Nothing but an exact copy is asked for: the lines in the material below from the one with "宰相のリシャールに公爵家に行" through the one with "To confirm the", pictures excluded.

◆ Source data:
------
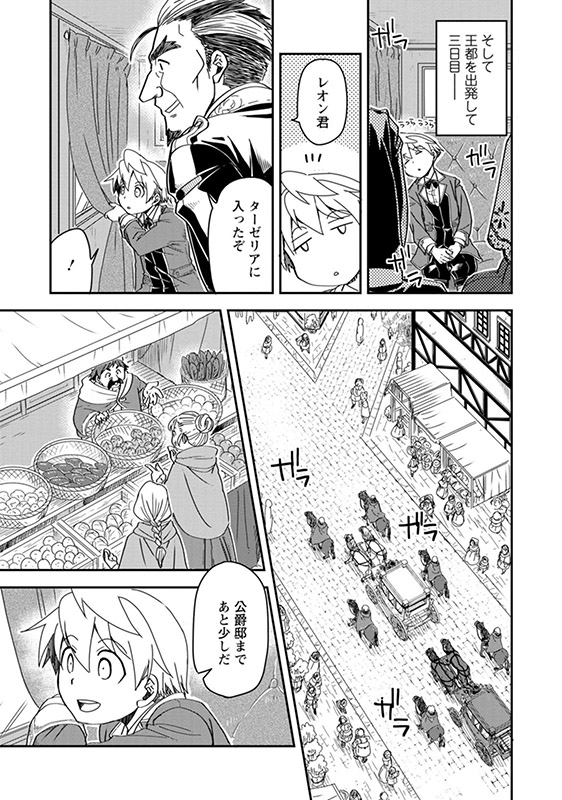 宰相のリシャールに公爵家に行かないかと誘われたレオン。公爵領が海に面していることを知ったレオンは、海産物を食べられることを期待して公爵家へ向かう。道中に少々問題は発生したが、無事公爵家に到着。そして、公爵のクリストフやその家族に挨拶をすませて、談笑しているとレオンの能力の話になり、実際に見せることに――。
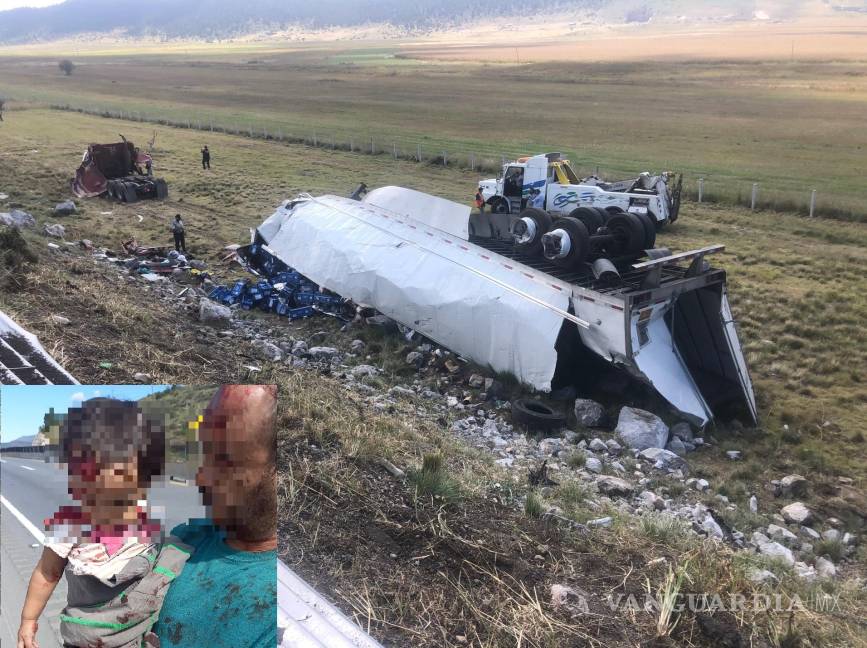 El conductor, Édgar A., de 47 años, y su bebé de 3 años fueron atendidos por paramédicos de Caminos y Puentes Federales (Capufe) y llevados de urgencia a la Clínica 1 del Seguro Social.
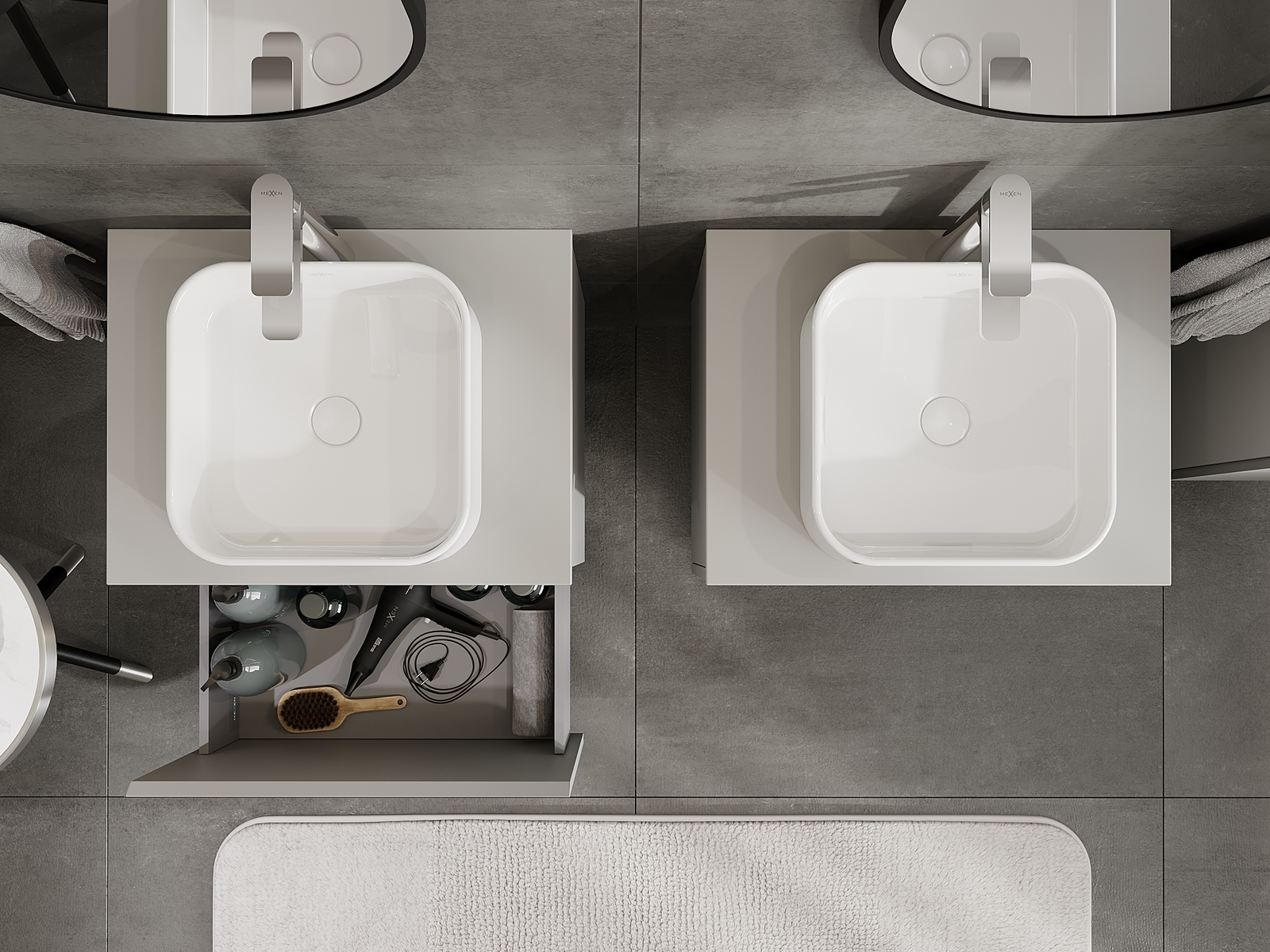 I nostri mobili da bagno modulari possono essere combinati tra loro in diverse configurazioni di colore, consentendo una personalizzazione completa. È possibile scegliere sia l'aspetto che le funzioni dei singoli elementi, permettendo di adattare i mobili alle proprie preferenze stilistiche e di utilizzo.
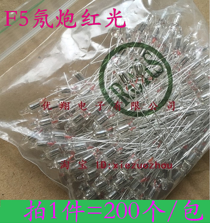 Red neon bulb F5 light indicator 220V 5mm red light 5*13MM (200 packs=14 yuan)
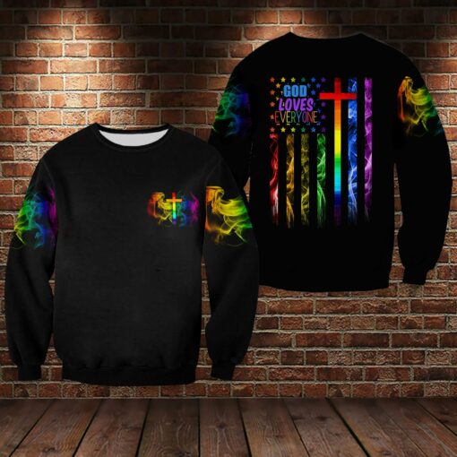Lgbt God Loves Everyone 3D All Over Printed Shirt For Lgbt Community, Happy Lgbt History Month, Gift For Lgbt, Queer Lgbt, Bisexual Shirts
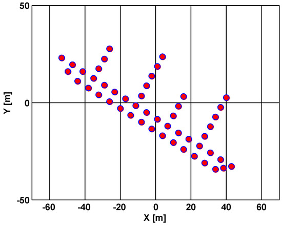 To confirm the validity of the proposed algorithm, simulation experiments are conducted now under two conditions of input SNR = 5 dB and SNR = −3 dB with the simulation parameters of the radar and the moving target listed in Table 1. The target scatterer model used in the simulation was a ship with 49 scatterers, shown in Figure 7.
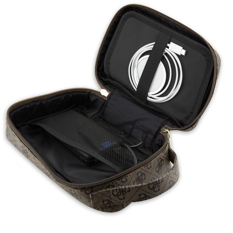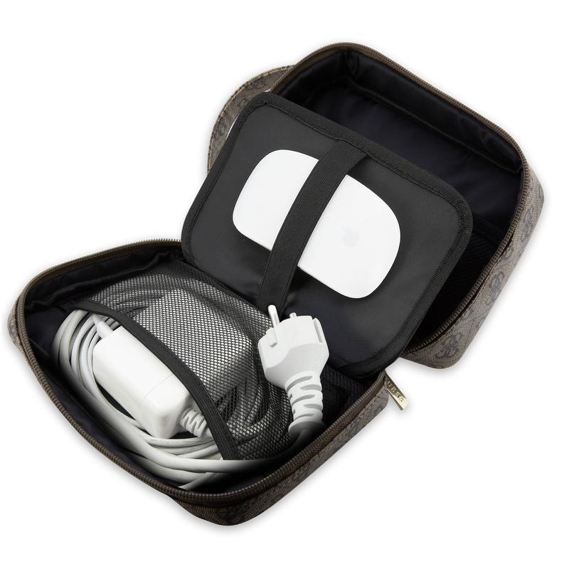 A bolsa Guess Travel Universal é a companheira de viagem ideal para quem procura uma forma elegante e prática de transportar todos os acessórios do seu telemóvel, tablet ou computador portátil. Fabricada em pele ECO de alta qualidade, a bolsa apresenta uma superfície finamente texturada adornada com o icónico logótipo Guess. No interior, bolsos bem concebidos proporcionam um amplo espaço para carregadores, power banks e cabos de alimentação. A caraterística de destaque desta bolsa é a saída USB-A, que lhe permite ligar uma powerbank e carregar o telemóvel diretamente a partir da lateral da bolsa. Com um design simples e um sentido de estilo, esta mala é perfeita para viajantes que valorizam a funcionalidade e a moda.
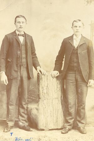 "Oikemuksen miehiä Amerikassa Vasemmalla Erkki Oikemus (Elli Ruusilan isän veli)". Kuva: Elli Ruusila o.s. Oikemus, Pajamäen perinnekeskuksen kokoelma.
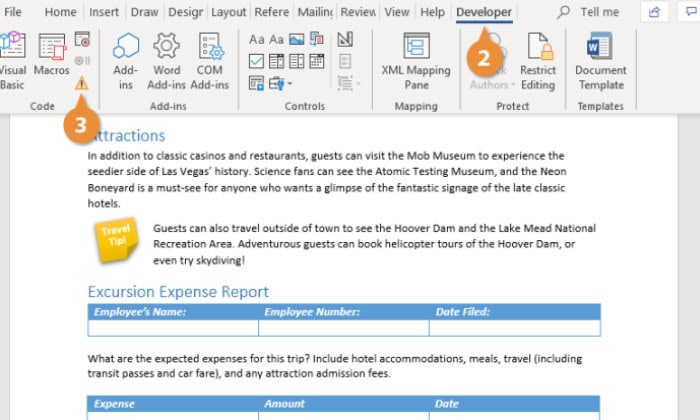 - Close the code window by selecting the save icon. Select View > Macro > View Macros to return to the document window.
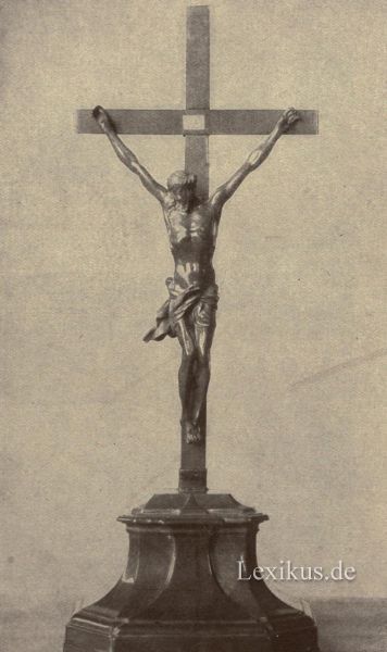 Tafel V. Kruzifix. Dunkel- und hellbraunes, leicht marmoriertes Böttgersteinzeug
------
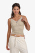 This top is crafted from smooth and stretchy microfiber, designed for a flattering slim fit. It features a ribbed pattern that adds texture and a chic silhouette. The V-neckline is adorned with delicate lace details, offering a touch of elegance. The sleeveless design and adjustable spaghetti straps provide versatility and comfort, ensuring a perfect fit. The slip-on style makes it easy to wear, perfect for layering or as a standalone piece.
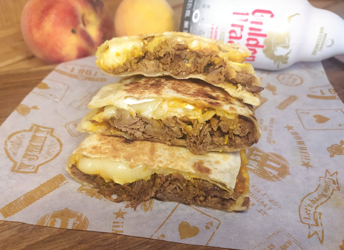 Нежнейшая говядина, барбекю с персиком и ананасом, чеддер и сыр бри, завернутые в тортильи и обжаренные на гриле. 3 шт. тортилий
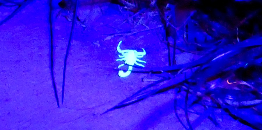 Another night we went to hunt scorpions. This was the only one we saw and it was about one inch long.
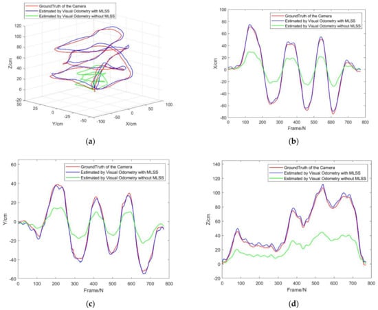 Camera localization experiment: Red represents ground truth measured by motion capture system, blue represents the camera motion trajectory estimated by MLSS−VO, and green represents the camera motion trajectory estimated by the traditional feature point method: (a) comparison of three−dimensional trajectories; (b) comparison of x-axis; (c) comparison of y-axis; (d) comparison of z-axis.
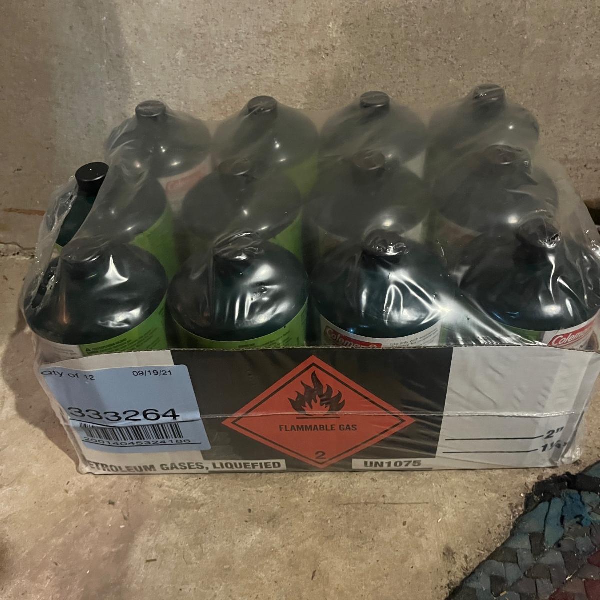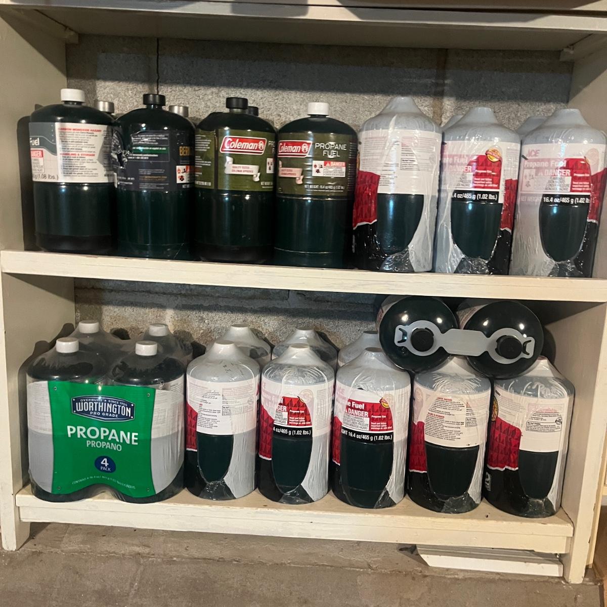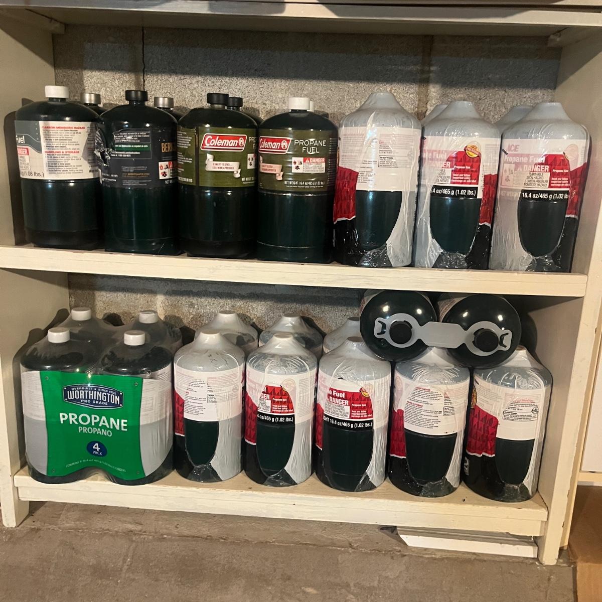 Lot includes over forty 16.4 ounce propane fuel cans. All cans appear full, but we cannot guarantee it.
------
◆ Answer section:
 宰相のリシャールに公爵家に行かないかと誘われたレオン。公爵領が海に面していることを知ったレオンは、海産物を食べられることを期待して公爵家へ向かう。道中に少々問題は発生したが、無事公爵家に到着。そして、公爵のクリストフやその家族に挨拶をすませて、談笑しているとレオンの能力の話になり、実際に見せることに――。
 El conductor, Édgar A., de 47 años, y su bebé de 3 años fueron atendidos por paramédicos de Caminos y Puentes Federales (Capufe) y llevados de urgencia a la Clínica 1 del Seguro Social.
 I nostri mobili da bagno modulari possono essere combinati tra loro in diverse configurazioni di colore, consentendo una personalizzazione completa. È possibile scegliere sia l'aspetto che le funzioni dei singoli elementi, permettendo di adattare i mobili alle proprie preferenze stilistiche e di utilizzo.
 Red neon bulb F5 light indicator 220V 5mm red light 5*13MM (200 packs=14 yuan)
Lgbt God Loves Everyone 3D All Over Printed Shirt For Lgbt Community, Happy Lgbt History Month, Gift For Lgbt, Queer Lgbt, Bisexual Shirts
 To confirm the validity of the proposed algorithm, simulation experiments are conducted now under two conditions of input SNR = 5 dB and SNR = −3 dB with the simulation parameters of the radar and the moving target listed in Table 1. The target scatterer model used in the simulation was a ship with 49 scatterers, shown in Figure 7.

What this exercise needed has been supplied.